You're thinking of sodium. This reactor uses salt, which is very stable, just like the salt on your kitchen table.
The lack of any sort of driver for chemical explosions is one of the advantages of molten salt reactors over light water reactors, in which the water can split into oxygen and hydrogen and cause explosions (as we saw at Fukushima).
That's pretty cool but the guy's conclusion is that it's not a chemical explosion, it's just from the water turning to steam. But I'll concede that we shouldn't drop a molten salt reactor in a lake.
I was indeed thinking about the NaK (sodium+potassium) alloy (which is used in some molten salt reactors, but not this one). And indeed this reactor design uses LiF (Lithiumfluoride).
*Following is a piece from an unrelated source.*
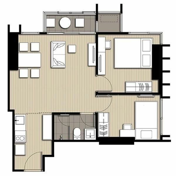 Fully furnished 2 bedrooms, 1 bathroom condo for rent with a floorsize of 50 squaremeters, located on the 12A floor, at Ideo Q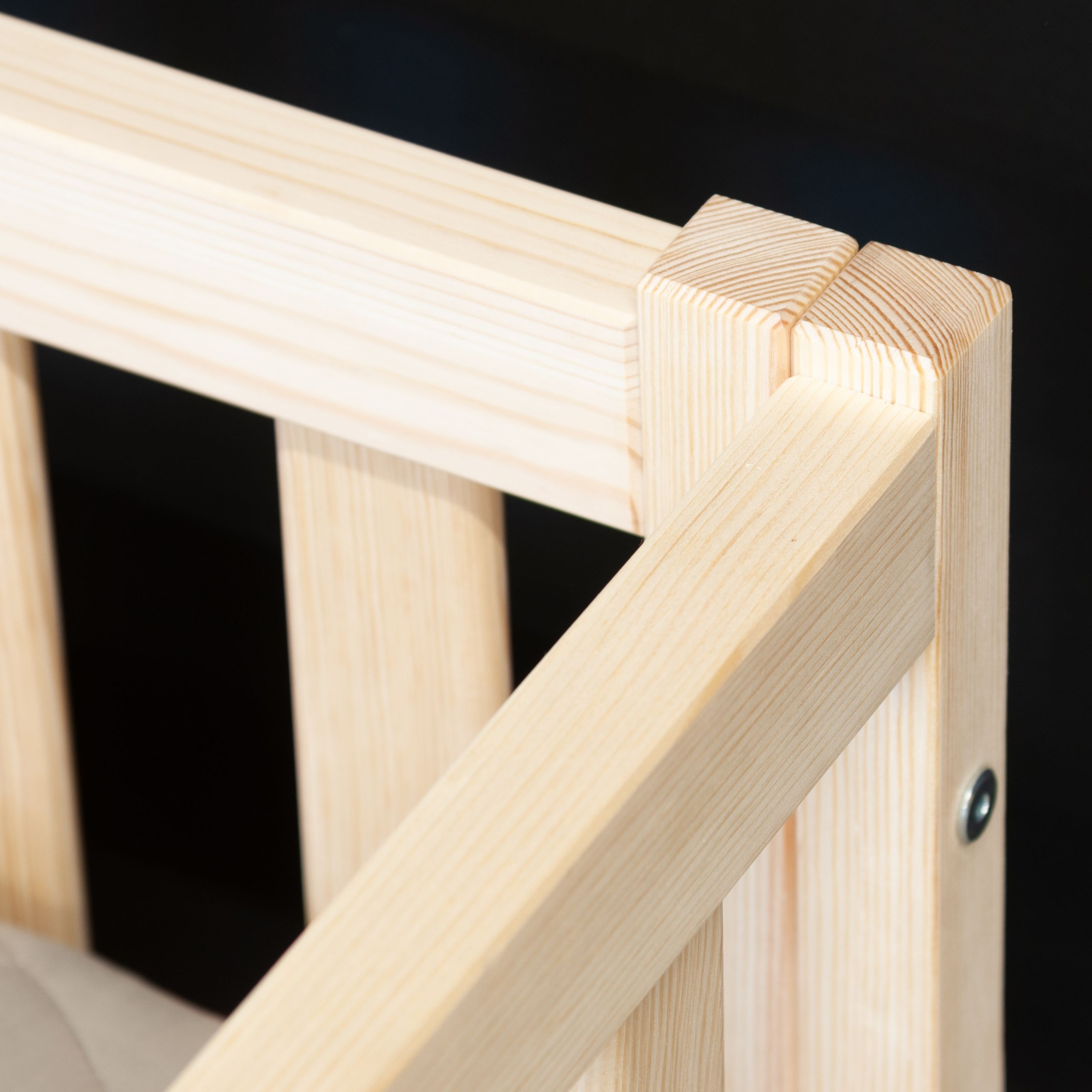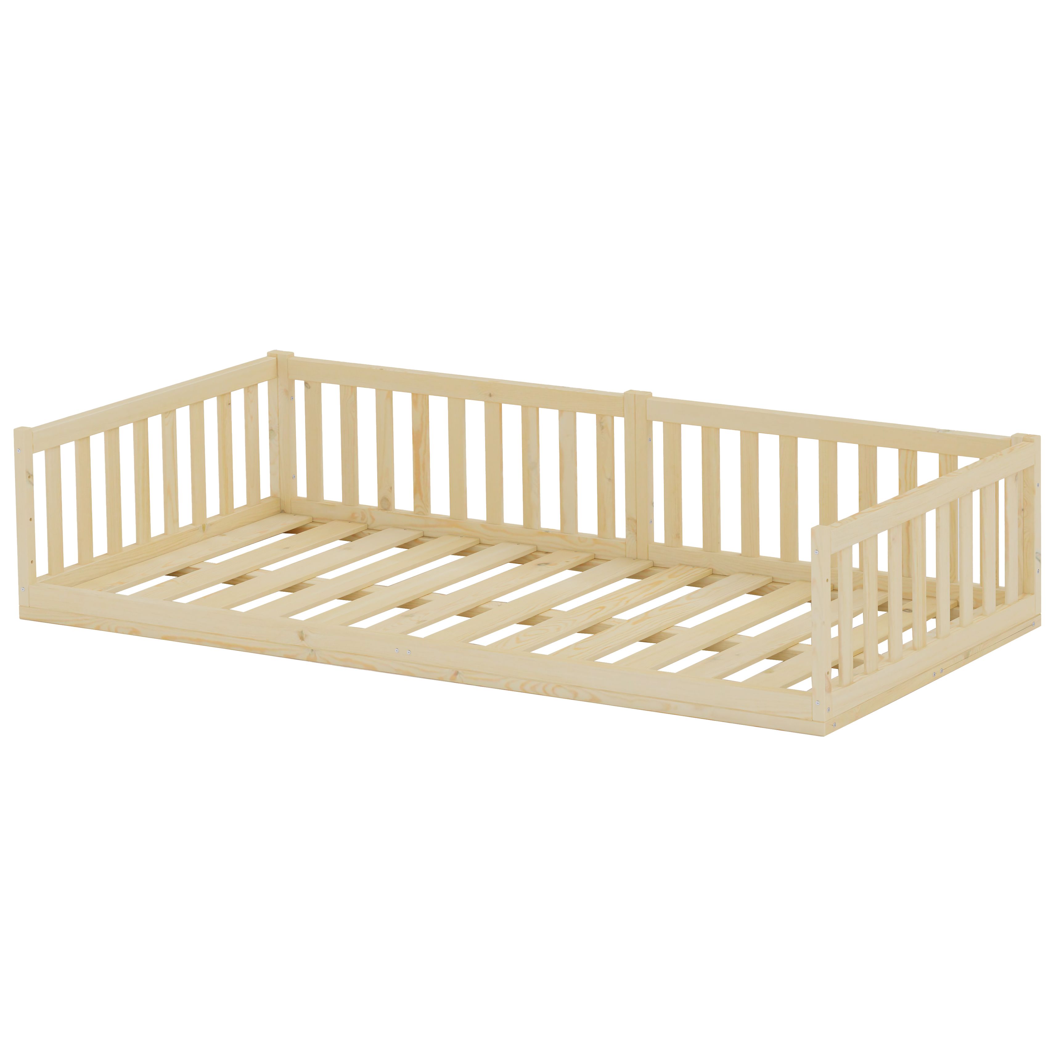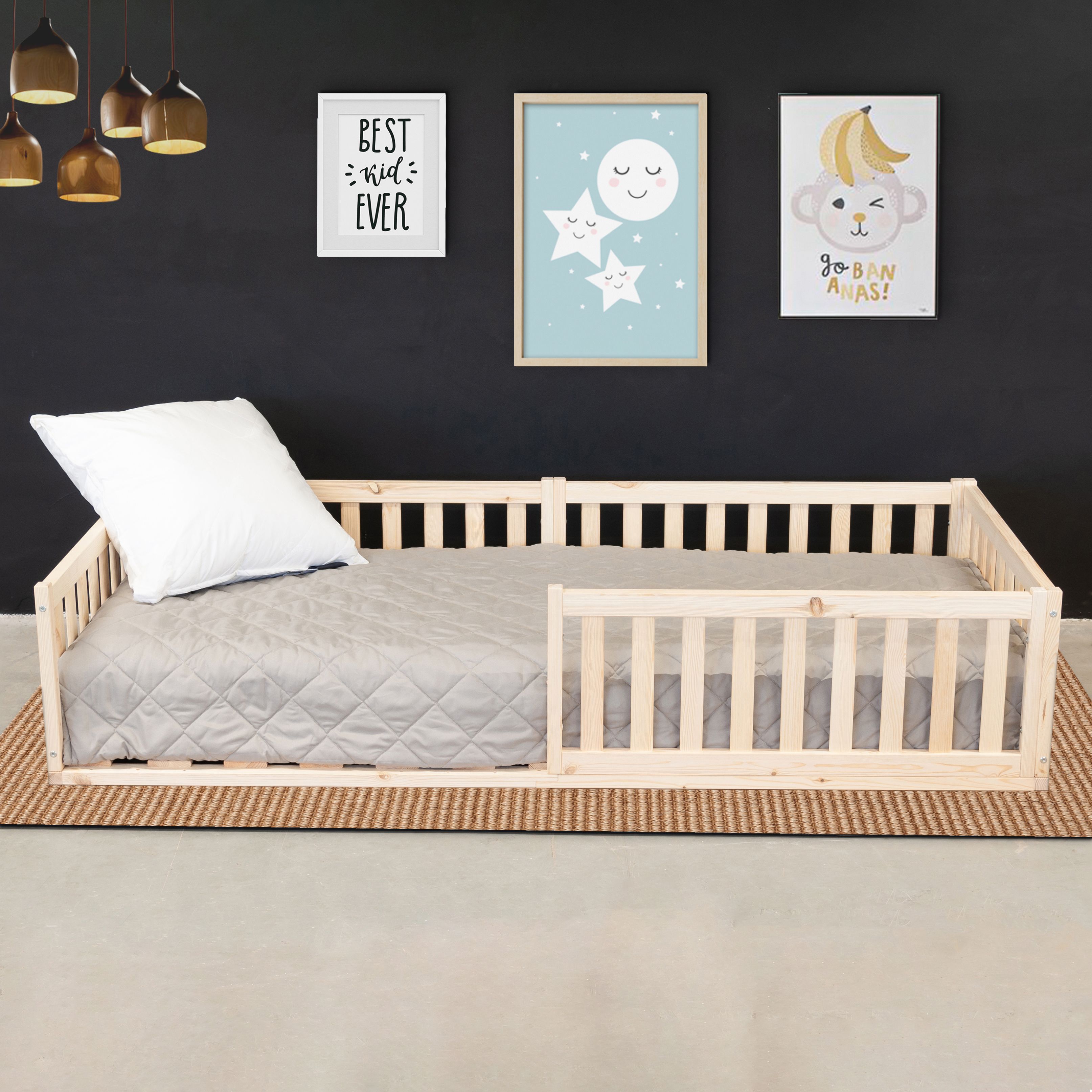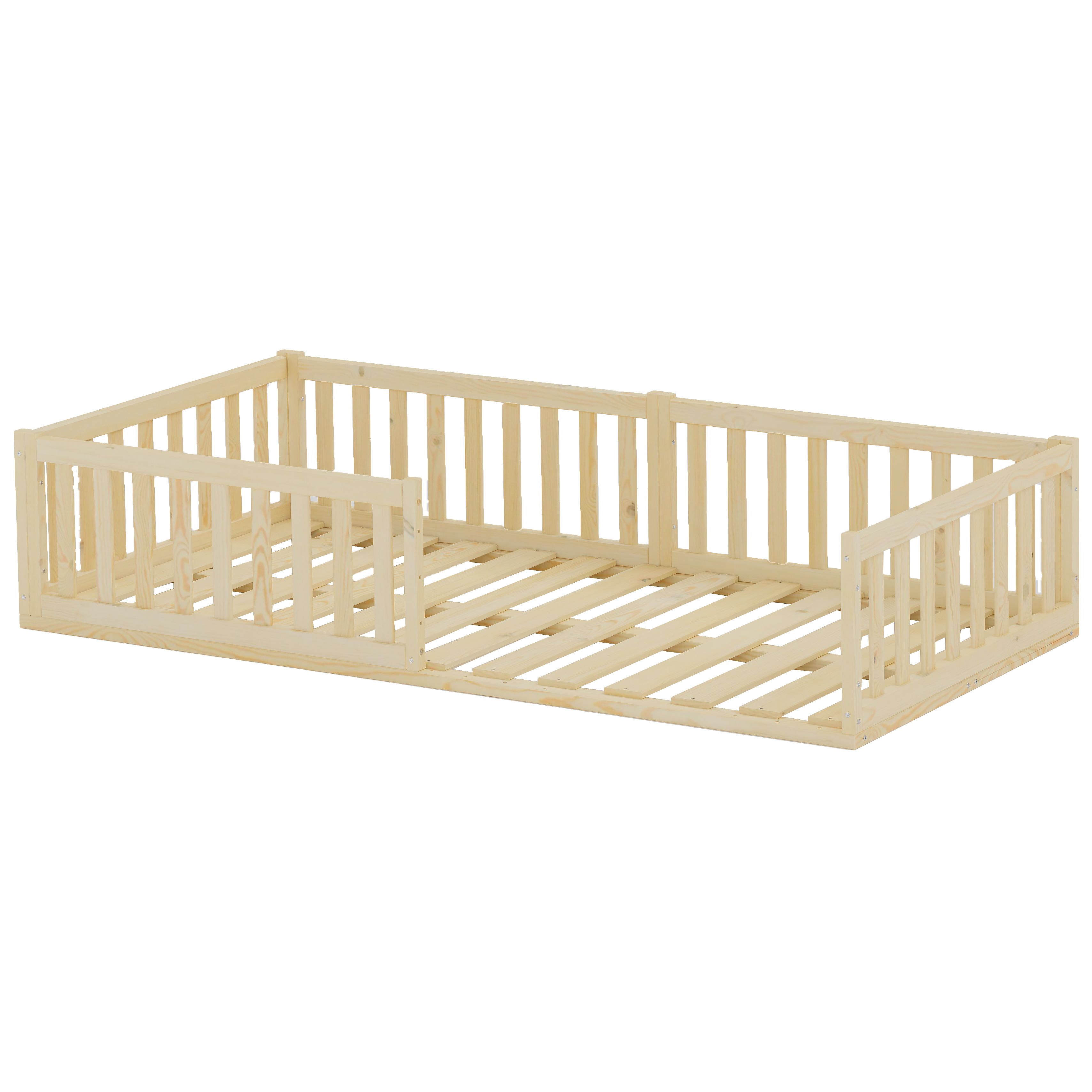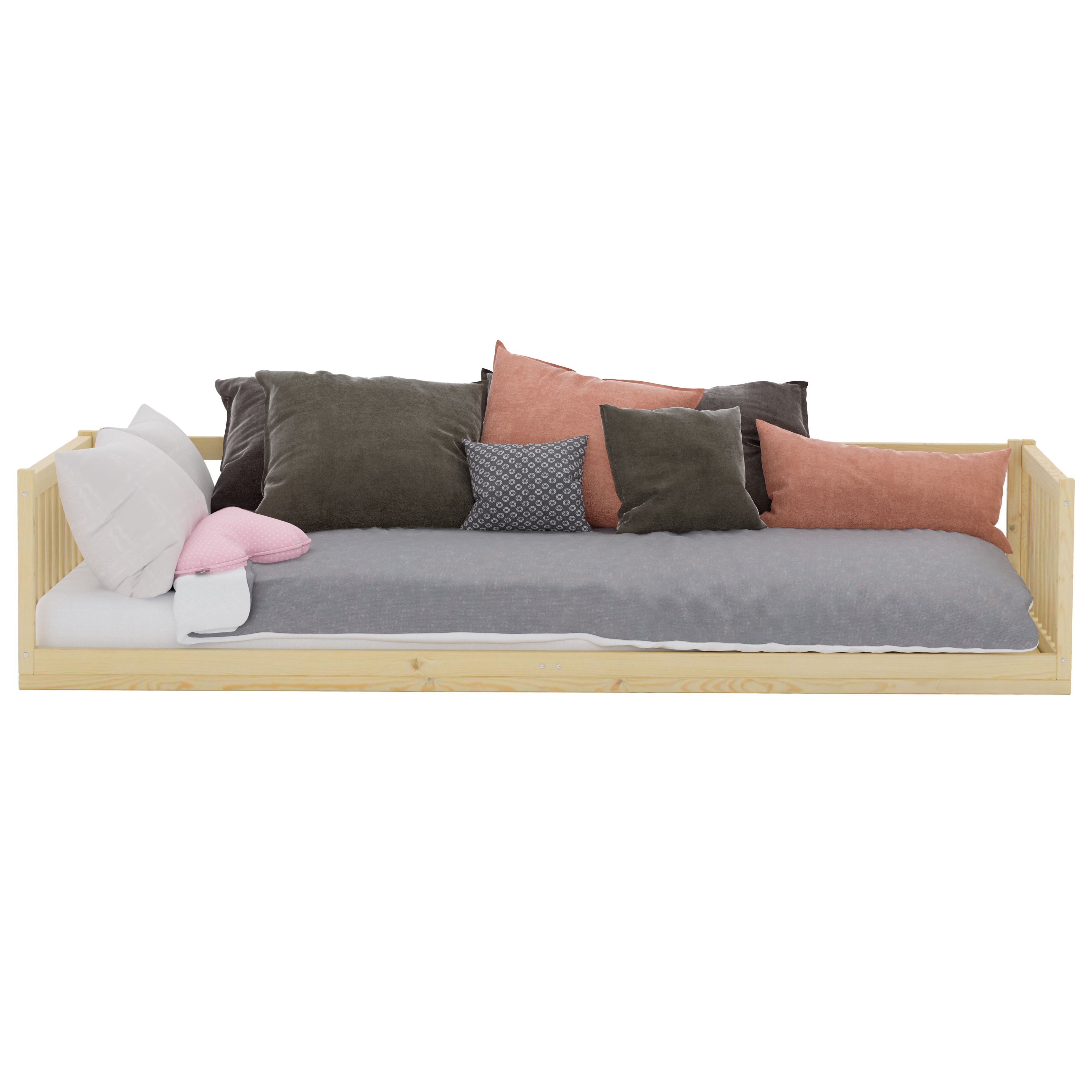 Деревянная односпальная кровать 90х200 Буфалина от белорусского производителя ООО «Диприз» выполнена в Скандинавском стиле в натуральном цвете, без покрытия. Уникальной особенностью детской кровати является отсутствие ножек (т.е. кровать напольная) и наличие бортиков безопасности. Лаконичный дизайн позволяет удачно вписывать ее в любое помещение, будь то спальня, детская комната или гостевой дом. Конструкция подростковой кровати стабильна, безопасна и устойчива, ввиду отсутствия ножек. Кровать включает в себя 3 бортика безопасности (2 бортика размером 89,5х43 см и 1 бортик длиной 199,5 см и высотой 43 см), а также настил из массива сосны размером 90х200 см. Дополнительный 4-й и 5-й бортик безопасности для создания полностью закрытой кровати можно докупить отдельно (SKU: 1508205984). Максимально допустимая нагрузка 100 кг на одно спальное место позволяет использовать ее как детскую кровать, подростковую кровать, также в качестве односпальной кровати для взрослых. Бортик безопасности длиной 199,5 см и высотой - 43 см надежно защитит спящего от травмирования. Размер спального места – 90х200. Кровать изготовлена из натуральной древесины - массива сосны, она не скрипит, не пахнет краской, а наполняет помещение тонким и приятным ароматом хвойного дерева. Эта модель поставляется в трех видах отделки – без отделки (натуральный) (SKU: 1379277244), в натуральном лаке (SKU: 1379254111) или с покрытием белым воском (SKU: 1379245704). Детскую кровать с бортиками легко собрать за счет набора фурнитуры для сборки, который поставляется вместе с кроватью. В комплекте идёт подробная иллюстрированная инструкция, которая поможет легко и быстро собрать кровать. Изделие укомплектовано настилом под матрасы (матрас не входит в комплект, докупается отдельно). Рекомендуемый размер матраса 90х200, макс. высота матраса до 20 см. Возможна установка бортика на правую и левую сторону во время сборки.

However, LiF-based salts have the obvious drawback of their high melting points (pure LiF 840 °C, FLiBe 460 °C).
Do you have any examples of liquid-fueled reactors using NaK?
Some MSR companies are working on fast reactors using chloride salts, including Moltex, Elysium, and Terrapower (in a project separate from their better-known sodium-cooled fast reactor).
High temperature is a property of all MSRs I know of and does have some advantages, including better thermodynamic efficiency and usefulness for process heat.
The lack of any sort of driver for chemical explosions is one of the advantages of molten salt reactors over light water reactors, in which the water can split into oxygen and hydrogen and cause explosions (as we saw at Fukushima).